Portal mode (recommended) — port :443 with the my.universal-devices.com portal email and password. PyISYoX trades those credentials for a short-lived JWT (POST /api/login) and refreshes it automatically. The eisy validates the portal credentials and signs the JWT locally; there is no my.isy.io round-trip during steady-state operation. Unlocks the modern /api/* JSON endpoints (triggers AST, variable names, program metadata).

from pyisyox import PortalAuth
auth = PortalAuth("me@example.com", "portal-password")

Local mode — port :8443 with the local admin username and password. HTTP basic on every request; no login round-trip. No portal account required, but feature-degraded: no /api/triggers AST, no /api/variables names; must fall back to the legacy /rest/nodes XML for structure. Recommended only if the user refuses to use a portal account.

from pyisyox import LocalAuth
auth = LocalAuth("admin", "admin-password")

Connect

pyisyox.Controller is the one entry point. Construction is cheap and synchronous; network round-trips happen in connect().

from pyisyox import Controller, PortalAuth

controller = Controller(
    "https://eisy.local:443",          # :443 for portal, :8443 for local
    PortalAuth("me@example.com", "pw"),
)
await controller.connect()             # auth + 7 parallel HTTP calls + WS upgrade
try:
    ...                                # use controller.nodes, .programs, etc.
finally:
    await controller.stop()            # symmetric: cancels WS, closes session

connect() does three things in order:

  1. GET /api/config to retrieve uuid / version / portal host.

  2. Authenticate (login + cache JWT, or no-op for LocalAuth).

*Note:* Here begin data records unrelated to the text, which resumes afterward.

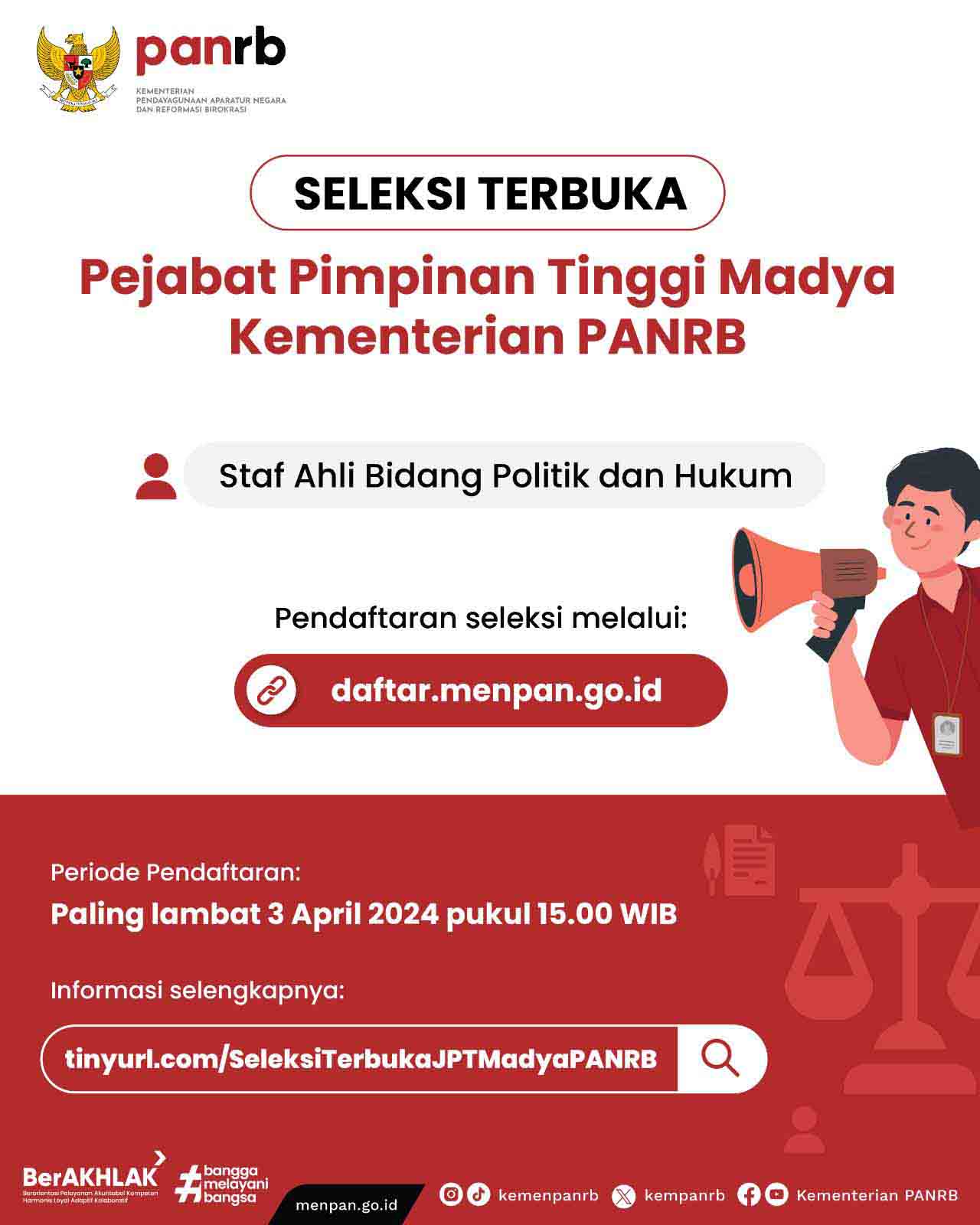 Adapun jabatan yang sedang dilelang dalam kesempatan ini adalah jabatan Staf Ahli Menteri PANRB Bidang Politik dan Hukum. Kesempatan ini terbuka bagi para pegawai negeri sipil (PNS) yang berminat dan memenuhi persyaratan.
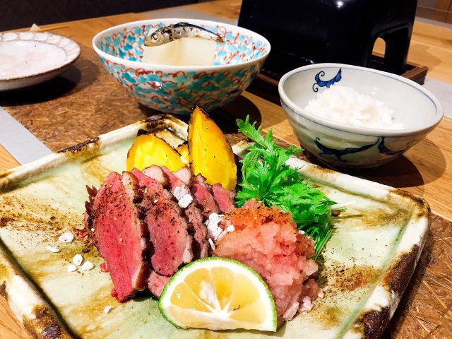 ランチタイムでは、あじフライや炭焼きの豚や魚の主菜1品に、自家製すくい豆腐、京のおばんざい1種、否否三杯オリジナルブレンド米の白ご飯、具だくさんの味噌汁付きの定食などを提供している。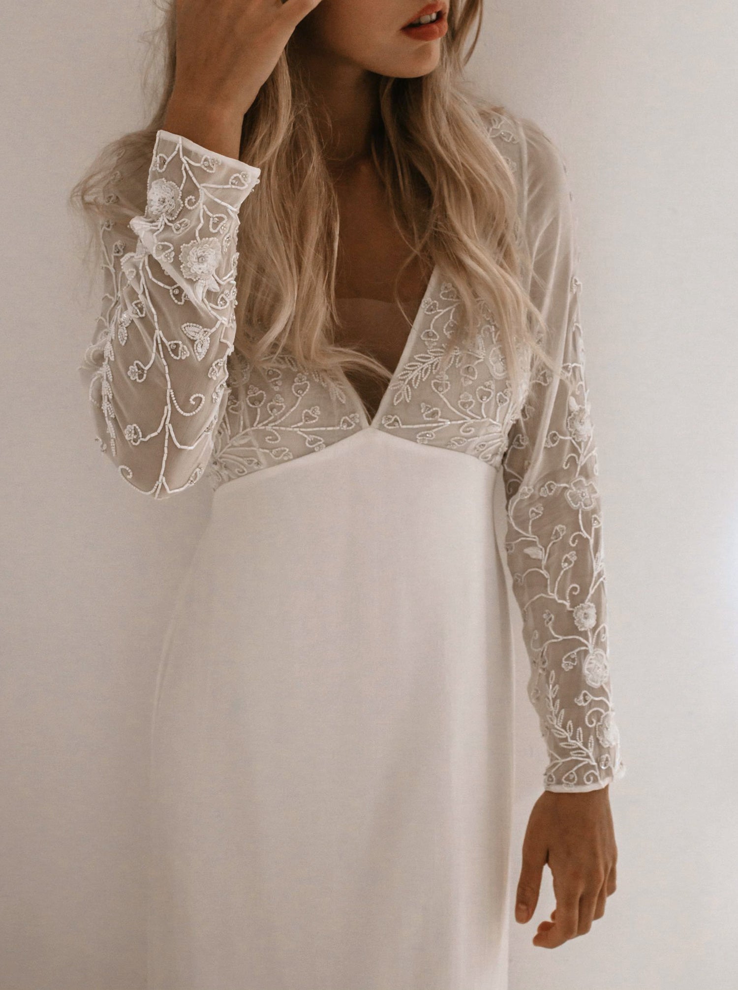 Each Bo & Luca piece is carefully hand-beaded in India by artisans who are trained in the traditional art of tambour embroidery. Our silk is hand-dyed in loose-leaf white tea, which creates a characteristic soft ivory hue. All Bo & Luca gowns are made-to-order and take 6-12 months to create.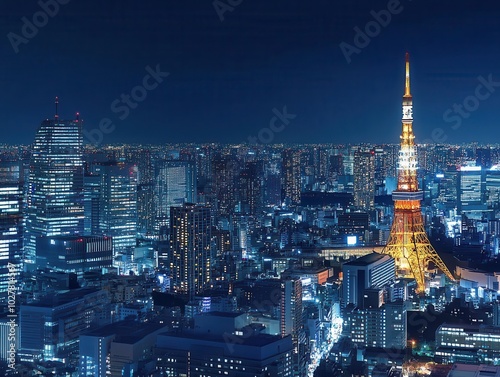 Obraz premium nighttime cityscape showcases towering high-rise buildings shimmering with...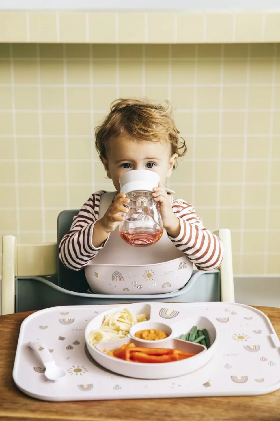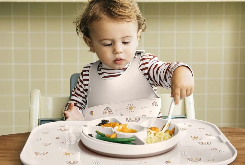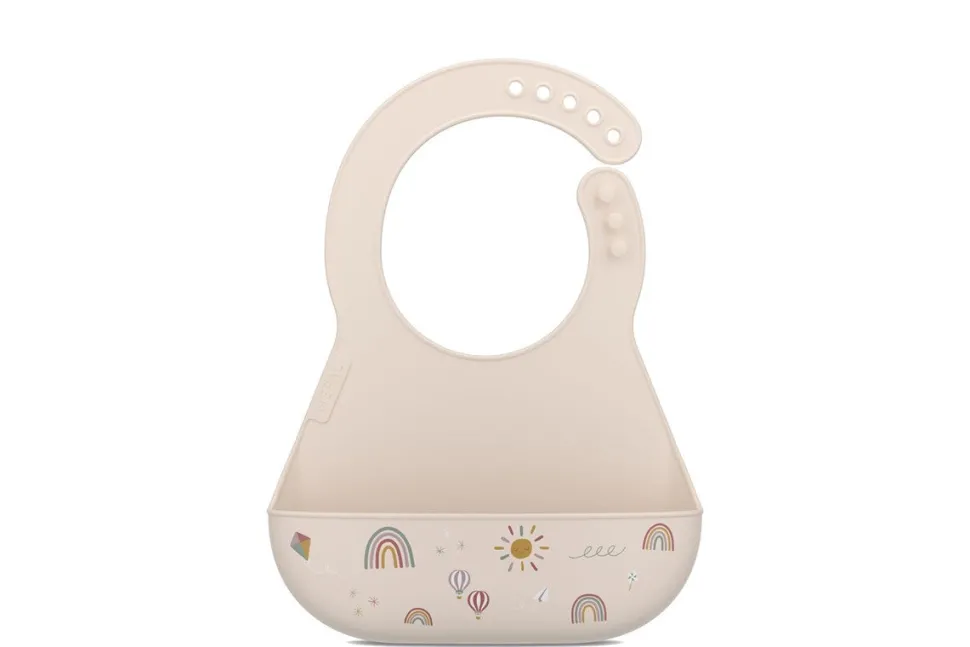 Babero de silicona de la colección MIO con cierre ajustable en el cuello y bolsillo profundo para atrapar la comida. Fácil de limpiar y transportar.

  3. Run a parallel fan-out across /rest/profiles, /api/nodes, /rest/status, /api/programs, /api/triggers, /api/variables/1, /api/variables/2 and merge the status overlay into the node registry.

By default it then opens a WebSocket against /rest/subscribe and runs a background reader that mutates the same node / program / variable records in place as events arrive. Pass start_websocket=False for one-shot reads (CLI tools, snapshot tests).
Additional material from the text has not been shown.